Het proza van de andere dichter Marcel Wauters wordt eigenlijk nog beter met de term ‘paraproza’ gekarakteriseerd. In een innerlijke monoloog botsen de woorden als zelfstandige dingen tegen elkaar, heffen elkaar op in een absolute tegenspraak of in de paradox. Niet de betrekkelijk dunne inhoud is van belang in Hipoteek (1962), alleen het scheikundige spel van aantrekking en afstoting tussen de woorden, die vaak, dankzij de verhakkeling door een ratelende interpunctie, zelfstandig zin hebben en zin zijn. Al is het om onmiddellijk daarna te worden vernietigd. ‘Ik woon. Iedereen woont ergens of bijna iedereen. Wie wel. Wie niet. Men bewoont wat men meent te bereiken.
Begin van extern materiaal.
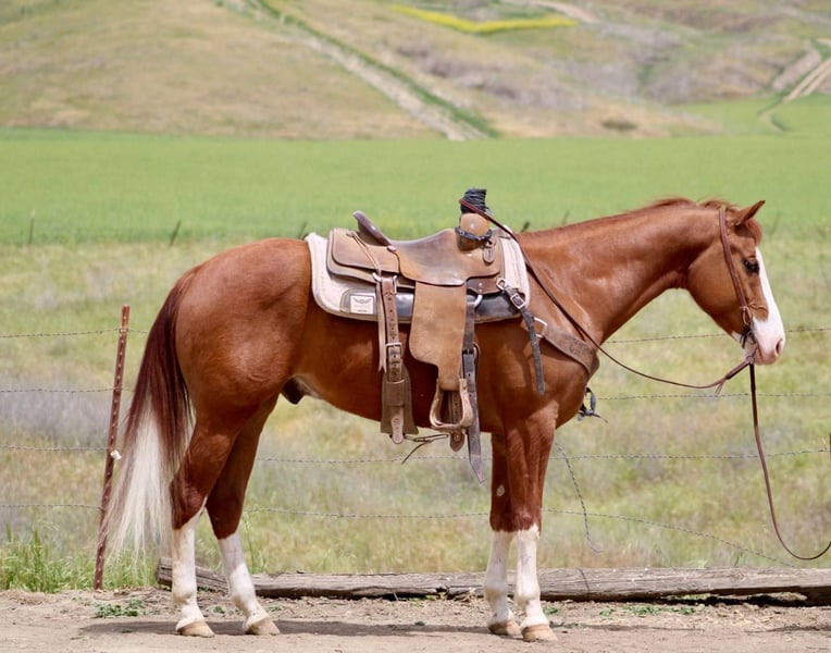 ONLINE AUCTION Place your bids at www.PlatinumEquineAuction.com Starting Bid $3500 Auction ends May 11th, 2025 Need a new saddle? Check out White Rock Saddles on our website or Facebook! Everyone loves a flashy bald face, sweet personality, and a calm demeanor! Chulo is just that and some. Standing at 14.3HH and just 5 years old, he is the most perfect combination of calmness and talented! Even though he is still young, Chulo is an old soul. Nothing phases him and he takes everything in stride! He has been hauled all over to many different places and is such a gentleman under all circumstances. He is always aware of his surroundings, but not a spooky horse at all. He has no bad habits and is safe as the day is long. He has been rode by children and beginners, down busy traffic filled streets and around loud music. He is fantastic out trail riding and goes anywhere you ask him to go without refusing. He has been used lightly on the ranch and is very familiar with cattle, even has had some roped off him! Chulo also does tricks! He is fully whistle broke and knows his name when called! He will also spread his legs for mounting, when tapped on the shoulder before you’re ready to climb up for a ride! He can be left off long periods of time and be the same horse every time. He’s very personable and loves attention. Chulo has a more whoa than go speed to him, but will still easily transition when asked to. He has a good stop and collects in the bridle. He is very light and neck reins like a professional. This horse is absolutely easy for most anyone to ride. He has a whole life long of potential in any discipline. He would be happy to continue as a compatible trail partner, so he has the talent to continue into the show world! This is the perfect young gelding with zero issues or flaws ready to find his new family to enjoy his sweet, loving qualities! He is located in Bitterwater, CA. For more info or to come out and meet Chulo, please contact Cheyenne Rey at 831-537-8746. ONLINE AUCTION Place your bids at www.PlatinumEquineAuction.com Starting Bid $3500 Auction ends May 11th, 2025 Need a new saddle? Check out White Rock Saddles on our website or Facebook!

Het komt op hetzelfde neer, er blijft wat men verloor. Men verliest wat men nooit bekomt. Ik ben dadelijk verward in ongerijmdheden. Het is nochtans duidelijk zoals ik het eerst zag. Ontoegankelijk en onduldbaar. Onverzettelijk. Heftig. Overweldigend. En stamelend. Maar ik ben gerust. Enfin ik. (enz.)’ De ongerijmdheid zelf wordt het voornaamste struktuurelement in dit paraproza. De taal zelf wordt hier voor haar eigen contradicties en zinloosheden geplaatst.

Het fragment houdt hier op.